An open letter to Pauline Hanson, who wants to take my child away

Photo: Carolyn Tate and her son. Supplied
Photo: Carolyn Tate and her son. Supplied 

Dear Pauline,

You made headlines recently when you publicly stated that parents who allow their children to be transgender should have their children removed from their care.

As the proud parent of a trans child, I thought I'd respond and ask you to consider both a) how damaging and unhelpful your comments can be to people who are vulnerable and not hurting anybody, and b) just how uninformed your comments made you sound. 

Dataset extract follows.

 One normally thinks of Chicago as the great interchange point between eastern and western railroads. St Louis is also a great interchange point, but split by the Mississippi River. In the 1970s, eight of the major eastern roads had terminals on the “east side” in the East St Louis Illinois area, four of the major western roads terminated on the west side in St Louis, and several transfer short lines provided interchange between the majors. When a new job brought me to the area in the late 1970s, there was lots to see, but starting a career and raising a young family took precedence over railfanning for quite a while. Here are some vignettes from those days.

"These parents need their heads read or the kids taken off them," you said on Pellowe Talk, an online 'political discussion' program, "because they want to change their sex because the kid has gone and played with a doll."

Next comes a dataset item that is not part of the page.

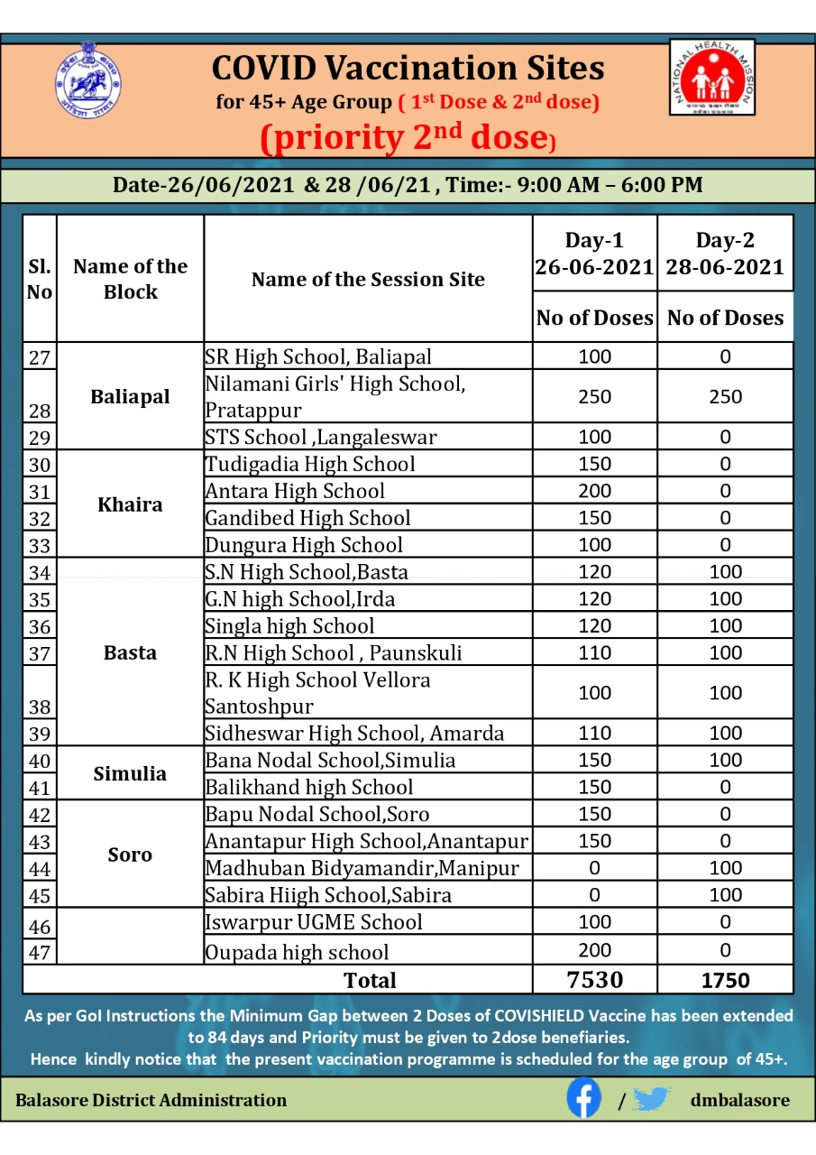 Dm Balasore On Twitter Kindly Find The Vaccination Schedule For The 45 Age Group For The 1st And 2nd Dose On 26th 28th June 2021 Thers Is No Online Registration But

You went on to describe how your son played with dolls when he was young. 

"I remember my son at 12 or 18 months old, he loved having a doll beside him and I put the bloody doll in the cot beside him. Guess what, there's nothing wrong with him."

And okay, let's get super clear on this. I'm willing to bet everything I own that no parent has ever advocated for their child's medical transition because they played with a "bloody doll". 

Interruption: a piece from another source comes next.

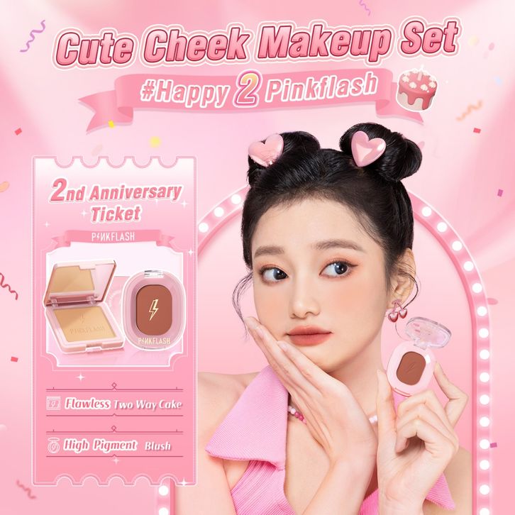 PINKFLASH Happy2Pinkflash 2 Anniversary Full Makeup Set All Skin Type Face Eyes Lips Beauty Set Eyeshadow Eyeliner Lips
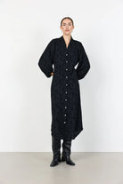 Ovette klänning är tillverkad av 100% polyester. Denna eleganta klänning har en V-ringning med knappstängning och är tillverkad i tyg med ett strukturerat mönster. Kombinera den med enkla accessoarer och snygga sandaler för en komplett look. Från Levete Room.

My son – who was born a girl – played with dinosaurs when he was young, but it took me years beyond that to even twig that he was a boy born into a girl's body. 

Of course there was nothing wrong with your son who played with dolls. That's because playing with dolls doesn't indicate anything meaningful about a child. It doesn't make them gay. It doesn't make them transgender. It just means they like dolls.


There's nothing "wrong" with my son either, for the record. He's a bright student, a warm and loving big brother, a wonderful friend, and a talented actor. He'd like to be a psychologist some day, and I have no doubt he'll be excellent at it. 

And having spent a long time figuring out who he is and what that means in his world, he's also incredibly emotionally intelligent, and compassionate towards others.

I feel like I learn so much from him every day, and I wouldn't change him for anything. 

Photo: Carolyn Tate and her son (Supplied)

Photo: Carolyn Tate and her son (Supplied)

You should meet him. Perhaps if you spent time with some transgender kids and saw they're happy, healthy kids just getting on with their lives, you'd see there's nothing to worry about. Nobody to "blame" for their situation. No alarm to sound.

You also said that parents are asking doctors to change their child's sex at a young age. 

"Confusing kids and going to the doctor and parent's saying 'Look, my four-year-old they really can't identify, and we want to change their sex.' You are bloody idiots, how can a kid at four years old know if they want to be male or if they actually want to be a girl," you said.

What you don't seem to grasp here is that nobody is changing a child's sex at the age of four. The process of transitioning is generally quite a slow one, and when it comes to the medical side, it can take years. 

Children who identify as a different gender to the one they were assigned at birth will first make a social transition. That means dressing the way they identify, as well as possibly taking on a different name and asking people to use different pronouns.  

Cost to everyone? Zero.

If they change their mind later? Nobody has lost anything, so who cares? 

But if they are told to deny who they are and that they are wrong? Well, that's where the true damage starts. 

My son socially transitioned when he was 12, and went through years of counselling before I was asked if I would agree to puberty blockers – drugs that stop puberty from progressing any further than it already has. And it's not until my son turns 16 – which is happening in a few weeks – that he will be allowed to start taking testosterone. 

That's when the real medical effects start to take place. He will start to grow facial hair, his voice will deepen, and his body will change shape. It will be gradual, not overnight, so we'll all have a chance to get used to the changes as they're occurring.

He's understandably beside himself with excitement. 

Is 16 too young? I look at it this way: at 16, my child is legally allowed to have sex. That means the government thinks he's responsible enough to fall pregnant and have a child of his own. 

If he's able to be a parent – to raise another human being – then surely he's able to make decisions about himself. He's talked to psychologists, psychiatrists and an endocrinologist. He's spent years, telling us all that this is who he is, so we've listened to him. 

We've believed him. 

My son isn't a boy because I "brainwashed" him, as you believe parents are doing. I didn't desperately want a child of the opposite gender. I just wanted a child who wasn't depressed. Who didn't hate their body. Who wasn't self harming or punishing themselves in order to cope with their everyday life.

I wanted a child who was happy to be themselves.

That's what I've got now, and I'm both proud and grateful that we live in a society that has allowed this to happen.